Но все же, хотя и с ненавистью, пани Раина вскипятила огромнейший чугун воды с зельем, пахолки вылили воду в большое вербовое корыто - для купели пана гетмана. Очистить и омолодить хочет меня пани Раина или, может, отравить своим зельем? Опекала меня когда-то для себя, теперь будет опекать для дочери - или же для сырой земли? Никого об этом не спросишь, и никто не скажет, да и нет никого, даже Демка верного. Только чистая одежда богатая лежит на скамье горкой - позаботился мой есаул и об этом.

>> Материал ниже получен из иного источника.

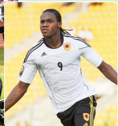
Países da África Austral prontos para representar a região na edição de 2013 da Copa Africana de Nações em Futebol
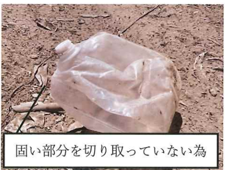
固い部分を切り取っていない為
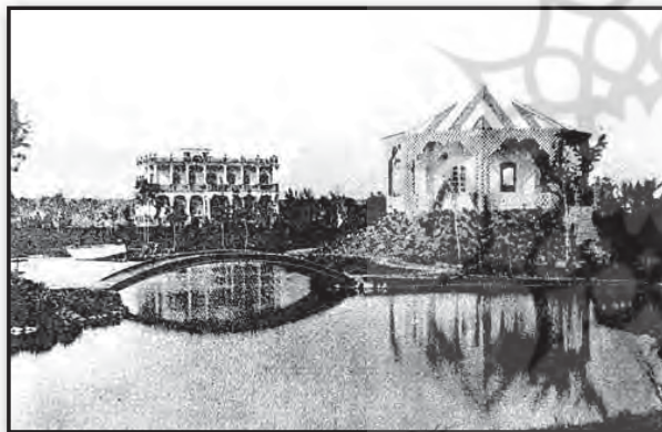
تصویر ۴. دریاچه، جزیره و کلاه فرنگی و کوشک پارک امین‌الدوله، تصویر مربوط به دوران ناصر. Fig. 4. The main kiosk and lake and the Kolahfarangi building related to the park, Nasser al din shah, era.
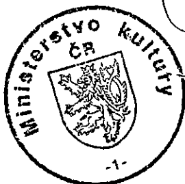
MUDr. Jiří Besser ministr kultury

Proti tomuto rozhodnutí lze podle ustanovení § 152 odst. 1 zákona č. 500/2004 Sb., správní řád, v platném znění, podat ve lhůtě 15 dnů od jeho doručení rozklad. O rozkladu proti tomuto rozhodnutí rozhoduje ministr kultury. Rozklad se podává u Ministerstva kultury, Maltézské náměstí 471/1, 118 11 Praha 1 - Malá Strana nebo elektronicky na adresu epodatelna@mkcr.cz .
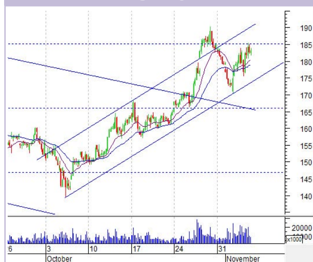
График «Газпрома» (ч)

Нам удалось заработать на движении вниз. Позиции у нас закрыло по «стопу».
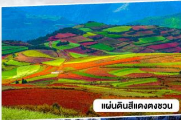
แผ่นดินสีแดงตงชวณ
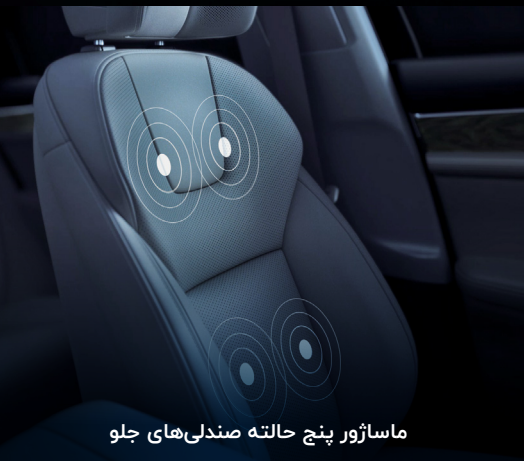
ماساژور پنج حالتہ صندلی‌های جلو
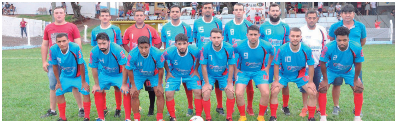
VIDROESTE de Umuarama, está entre as cinco equipes classificadas para a próxima fase da Taça Pegoraro

No último final de semana aconteceu a penúltima rodada pela Taça Pegoraro de Futebol Suíço Regional do Jardim Jussara e Panorama em Assis Chateaubriand.
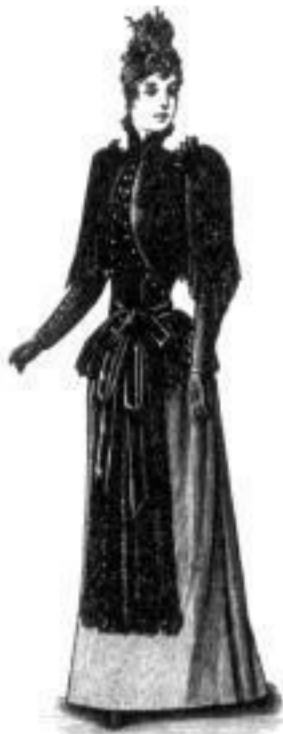
Hortense. M 32,— bis 67,—

Снял с себя тяжелую, задымленную, грязную одежду, полез в купель... Омолаживался. Радовался. Имел наконец любимейшую женщину! Имел! Мог бы взять ее без проволочек, как был, соскочив с коня и сграбастав в объятья, взять как захватчик, жестокий, грубый, нетерпеливый, взять, как добычу, как вознаграждение, как месть за все. Стать таким безжалостным, как те тысячи, которые идут где-то степями от Желтых Вод до Корсуня вдогонку и наперехват Потоцкому и Калиновскому, идут, как и он, утомленные, пропитанные пылью, потом и пороховой гарью. Мог и не мог. Плескался в вербовом корыте, разбрызгивал воду, отпырхивался, отжимал чуб, сдаивал воду с усов. В чистоте и несмелости должен был возвратить свою любовь, найти и возродить утраченное. Отбил, отвоевал у заклятого врага не для надругательства, не для грубости, а для высокого уважения и нежности.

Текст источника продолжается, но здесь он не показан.